Task to complete — Here the job is to transcribe the data exactly while omitting the images.

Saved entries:

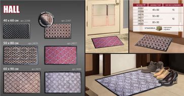 Очищает обувь от грязи и задерживает влагу при входе в помещение, не скользит. Материал: ворс полиэстер, подложка пвх. None
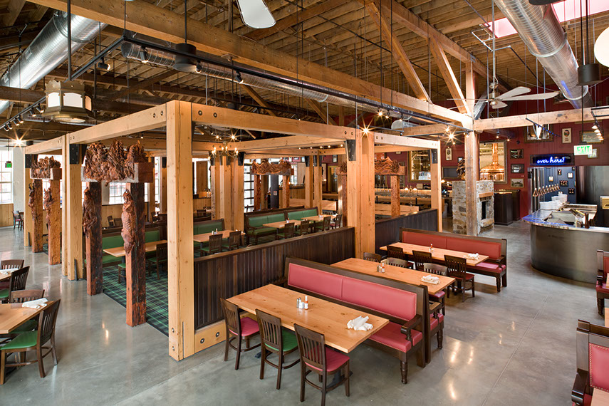 “To tame the big space into an intimate restaurant, bar and brewery, Emmons Architects incorporated a blend of Northwest elements, like exposed timber beams, with dark Scottish colors and walls peppered with whimsical items.”
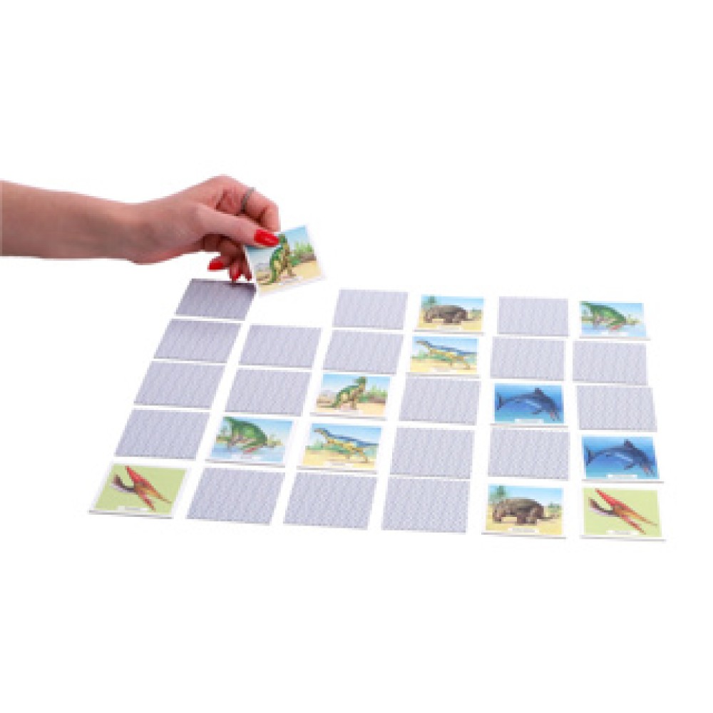 - Bevat 64 stevige kaarten met dino-afbeeldingen
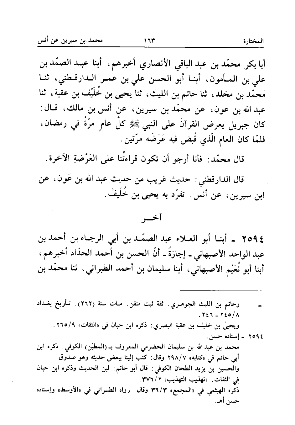 ٢٥٩٤ - أَبْنَا أَبُو الْعَلَاءِ عَبْدُ الصَّمَدِ بْنُ أَبِي الرَّجَاءِ بْنِ أَحْمَدَ بْنِ عَبْدِ الْوَاحِدِ الْأَصْبَهَانِيُّ - إِجَازَةً - أَنَّ الْحَسَنَ بْنَ أَحْمَدَ الْحَدَّادَ أَخْبَرَهُمْ، أَبْنَا أَبُو نُعَيْمٍ الْأَصْبَهَانِيُّ، أَبْنَا سُلَيْمَانُ بْنُ أَحْمَدَ الطَّبَرَانِيُّ، ثَنَا مُحَمَّدُ بْنُ
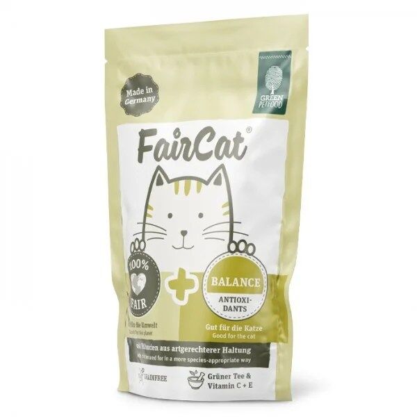 Green Petfood FairCat Balance é um alimento em paté para gatos adultos, formulado sem cereais, que protege os felinos dos radicais livres. Este alimento proporciona saúde e bem-estar ao seu melhor amigo, numa receita formulada com ingredientes de elevada qualidade. Além dos vários benefícios para o seu gato, esta é uma marca amiga do ambiente. O projeto de preservação florestal da Tanzânia da Green Petfood permite-lhes compensar as emissões de CO2 em 125%. Isto significa que, além da compensação das emissões de carbono na totalidade, contribui ainda com 25% extra, reforçando o compromisso na luta por um planeta mais verde. Além disso, a proteína animal incluída nos alimentos provém de animais criados no campo, por produtores locais, com produtos biológicos. BENEFÍCIOSSEM CEREAISCOM ANTIOXIDANTESPRODUÇÃO SUSTENTÁVELDOSE DIÁRIA RECOMENDADA PESO QUANTIDADE < 3 kg< 225 gr3-5 kg225-310 gr5-7 kg310-390 gr> 7 kg> 390 gr COMPOSIÇÃO Frango criado no campo (coração, carne, fígado, pescoço) 70,0% caldo minerais extrato de chá verde 0,10%.CONSTITUINTES ANALÍTICOS Proteína 10,40% Teor de gordura 5,70% Cinza bruta 2,50% Fibra bruta 0,3% Humidade 80% Energia metabolizada 94,70kcal/100 g. ADITIVOS NUTRITIVOS/KG Vitamina E 25 mg Vitamina D3 200 UI Vitamina C 40 mg Zinco (sulfato de zinco, monoidratado) 25 mg Manganês (sulfato de manganês II, monoidratado) 1,40 mg Iodo (iodeto de cálcio, anidro) 0,75 mg Cobre sulfato de cobre II) 1 mg Taurina 1,5 mg.
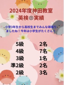 2017.11.14 英検®実績情報 当教室は実用英検®の準会場として認定をいただいています。 2016年度実績 5級合格 6名 4級合格 10名 3級合格 4名 準2級合格 9名 2級合格 2名 それぞれが自分の目標をたて、頑張っています。
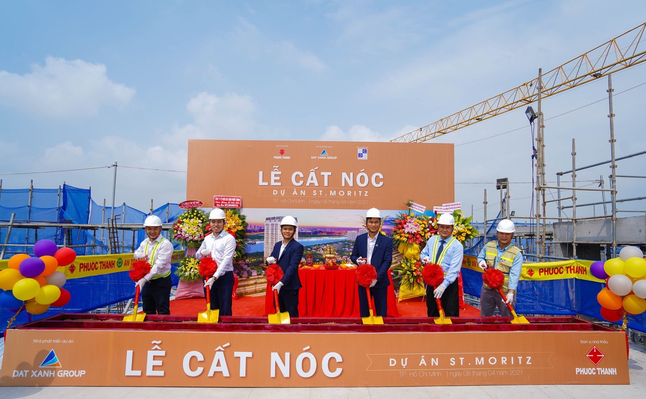 Lễ cất nóc cao ốc căn hộ và văn phòng St.Moritz đã chính thức diễn ra vào sáng ngày 8/4 với sự tham dự của đại diện lãnh đạo từ Chủ đầu tư (Tập đoàn Đất Xanh), tổng thầu xây dựng (Cty CP Xây dựng Phước Thành) và ICIC - đơn vị tư vấn giám sát.
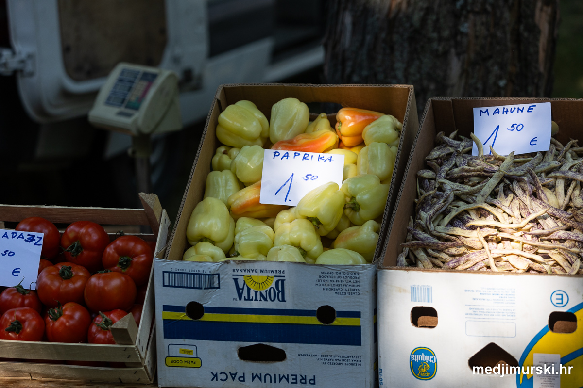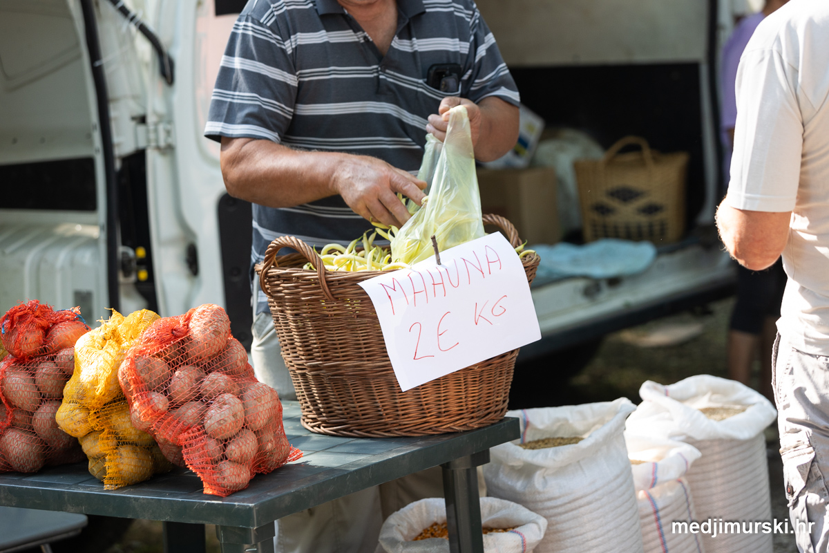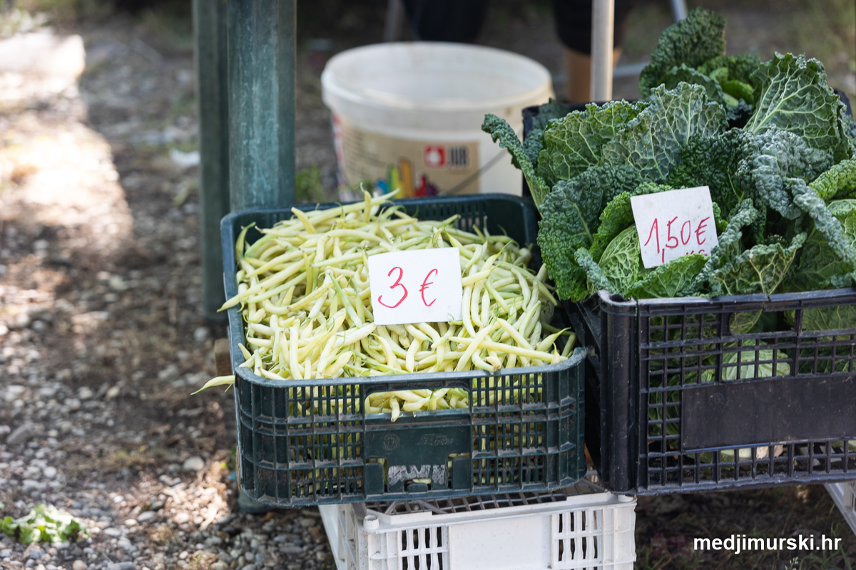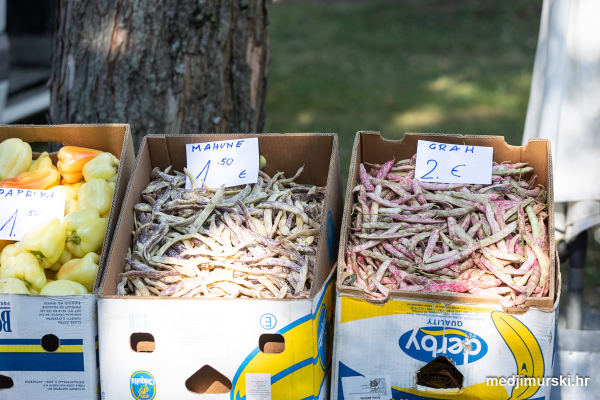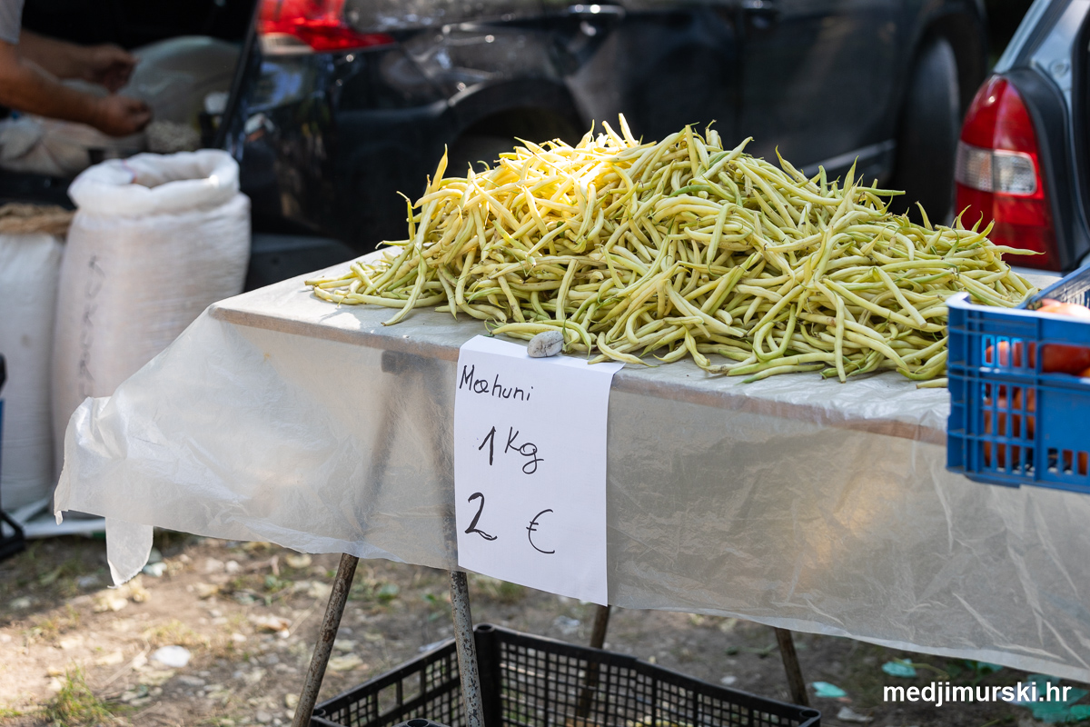 Da, da, cijene poljoprivrednih proizvoda na čakovečkom sajmu osjetno su pale u odnosu na prošlu srijedu. Mladi grah čak je upola jeftiniji. Neočišćen u vrećama prodavan je po 2 eura kilogram, a očišćen 5 eura kg. To je ista cijena kao i prošle godine.

Exercise answer —
 Очищает обувь от грязи и задерживает влагу при входе в помещение, не скользит. Материал: ворс полиэстер, подложка пвх. None
 “To tame the big space into an intimate restaurant, bar and brewery, Emmons Architects incorporated a blend of Northwest elements, like exposed timber beams, with dark Scottish colors and walls peppered with whimsical items.”
 - Bevat 64 stevige kaarten met dino-afbeeldingen
 ٢٥٩٤ - أَبْنَا أَبُو الْعَلَاءِ عَبْدُ الصَّمَدِ بْنُ أَبِي الرَّجَاءِ بْنِ أَحْمَدَ بْنِ عَبْدِ الْوَاحِدِ الْأَصْبَهَانِيُّ - إِجَازَةً - أَنَّ الْحَسَنَ بْنَ أَحْمَدَ الْحَدَّادَ أَخْبَرَهُمْ، أَبْنَا أَبُو نُعَيْمٍ الْأَصْبَهَانِيُّ، أَبْنَا سُلَيْمَانُ بْنُ أَحْمَدَ الطَّبَرَانِيُّ، ثَنَا مُحَمَّدُ بْنُ
 Green Petfood FairCat Balance é um alimento em paté para gatos adultos, formulado sem cereais, que protege os felinos dos radicais livres. Este alimento proporciona saúde e bem-estar ao seu melhor amigo, numa receita formulada com ingredientes de elevada qualidade. Além dos vários benefícios para o seu gato, esta é uma marca amiga do ambiente. O projeto de preservação florestal da Tanzânia da Green Petfood permite-lhes compensar as emissões de CO2 em 125%. Isto significa que, além da compensação das emissões de carbono na totalidade, contribui ainda com 25% extra, reforçando o compromisso na luta por um planeta mais verde. Além disso, a proteína animal incluída nos alimentos provém de animais criados no campo, por produtores locais, com produtos biológicos. BENEFÍCIOSSEM CEREAISCOM ANTIOXIDANTESPRODUÇÃO SUSTENTÁVELDOSE DIÁRIA RECOMENDADA PESO QUANTIDADE < 3 kg< 225 gr3-5 kg225-310 gr5-7 kg310-390 gr> 7 kg> 390 gr COMPOSIÇÃO Frango criado no campo (coração, carne, fígado, pescoço) 70,0% caldo minerais extrato de chá verde 0,10%.CONSTITUINTES ANALÍTICOS Proteína 10,40% Teor de gordura 5,70% Cinza bruta 2,50% Fibra bruta 0,3% Humidade 80% Energia metabolizada 94,70kcal/100 g. ADITIVOS NUTRITIVOS/KG Vitamina E 25 mg Vitamina D3 200 UI Vitamina C 40 mg Zinco (sulfato de zinco, monoidratado) 25 mg Manganês (sulfato de manganês II, monoidratado) 1,40 mg Iodo (iodeto de cálcio, anidro) 0,75 mg Cobre sulfato de cobre II) 1 mg Taurina 1,5 mg.
 2017.11.14 英検®実績情報 当教室は実用英検®の準会場として認定をいただいています。 2016年度実績 5級合格 6名 4級合格 10名 3級合格 4名 準2級合格 9名 2級合格 2名 それぞれが自分の目標をたて、頑張っています。
 Lễ cất nóc cao ốc căn hộ và văn phòng St.Moritz đã chính thức diễn ra vào sáng ngày 8/4 với sự tham dự của đại diện lãnh đạo từ Chủ đầu tư (Tập đoàn Đất Xanh), tổng thầu xây dựng (Cty CP Xây dựng Phước Thành) và ICIC - đơn vị tư vấn giám sát.
 Da, da, cijene poljoprivrednih proizvoda na čakovečkom sajmu osjetno su pale u odnosu na prošlu srijedu. Mladi grah čak je upola jeftiniji. Neočišćen u vrećama prodavan je po 2 eura kilogram, a očišćen 5 eura kg. To je ista cijena kao i prošle godine.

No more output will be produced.